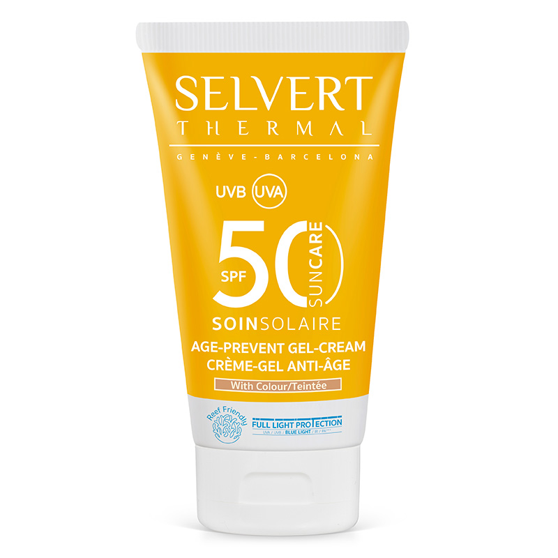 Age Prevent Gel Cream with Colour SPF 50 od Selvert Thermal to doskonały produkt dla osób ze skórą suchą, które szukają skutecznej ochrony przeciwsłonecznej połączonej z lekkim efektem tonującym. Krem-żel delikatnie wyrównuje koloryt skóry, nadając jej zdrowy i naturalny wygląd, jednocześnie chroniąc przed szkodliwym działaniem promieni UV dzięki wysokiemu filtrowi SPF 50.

==

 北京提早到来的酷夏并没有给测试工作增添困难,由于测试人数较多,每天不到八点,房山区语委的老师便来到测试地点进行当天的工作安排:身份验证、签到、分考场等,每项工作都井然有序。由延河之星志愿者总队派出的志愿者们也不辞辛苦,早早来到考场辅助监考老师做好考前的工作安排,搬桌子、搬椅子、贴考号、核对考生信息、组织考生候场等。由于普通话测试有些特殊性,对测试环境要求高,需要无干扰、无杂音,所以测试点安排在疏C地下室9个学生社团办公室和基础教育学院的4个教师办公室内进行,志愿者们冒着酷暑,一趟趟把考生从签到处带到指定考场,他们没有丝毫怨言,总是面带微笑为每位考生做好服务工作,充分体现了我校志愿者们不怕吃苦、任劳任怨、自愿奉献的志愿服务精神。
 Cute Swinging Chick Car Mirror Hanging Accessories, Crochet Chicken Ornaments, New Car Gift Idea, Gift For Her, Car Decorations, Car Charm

---

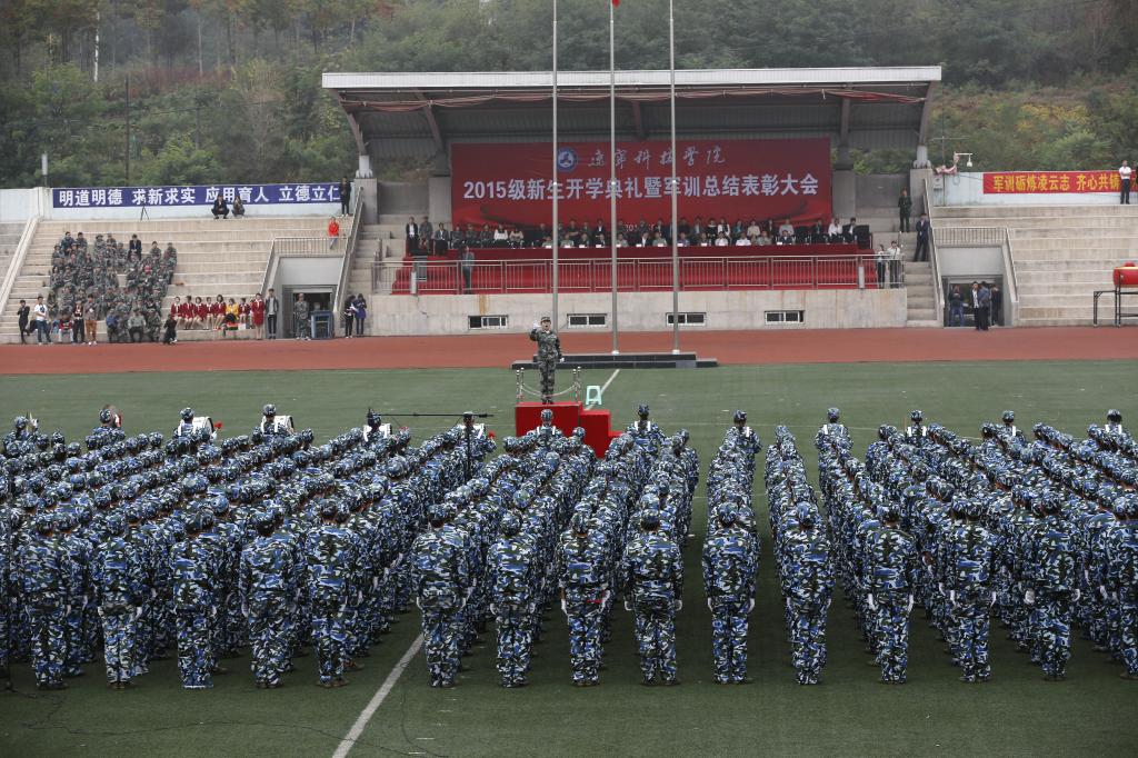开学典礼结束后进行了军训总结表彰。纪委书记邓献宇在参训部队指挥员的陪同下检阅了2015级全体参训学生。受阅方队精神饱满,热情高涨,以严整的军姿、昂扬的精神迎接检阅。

**YOUR INSTRUCTIONS**: What are the lines, exactly as written above, from the line with "北京提早到来的酷夏并没有给测" to the line with "Cute Swinging Chick", both included? Output only those.

**TASK RESULT**:
 北京提早到来的酷夏并没有给测试工作增添困难,由于测试人数较多,每天不到八点,房山区语委的老师便来到测试地点进行当天的工作安排:身份验证、签到、分考场等,每项工作都井然有序。由延河之星志愿者总队派出的志愿者们也不辞辛苦,早早来到考场辅助监考老师做好考前的工作安排,搬桌子、搬椅子、贴考号、核对考生信息、组织考生候场等。由于普通话测试有些特殊性,对测试环境要求高,需要无干扰、无杂音,所以测试点安排在疏C地下室9个学生社团办公室和基础教育学院的4个教师办公室内进行,志愿者们冒着酷暑,一趟趟把考生从签到处带到指定考场,他们没有丝毫怨言,总是面带微笑为每位考生做好服务工作,充分体现了我校志愿者们不怕吃苦、任劳任怨、自愿奉献的志愿服务精神。
 Cute Swinging Chick Car Mirror Hanging Accessories, Crochet Chicken Ornaments, New Car Gift Idea, Gift For Her, Car Decorations, Car Charm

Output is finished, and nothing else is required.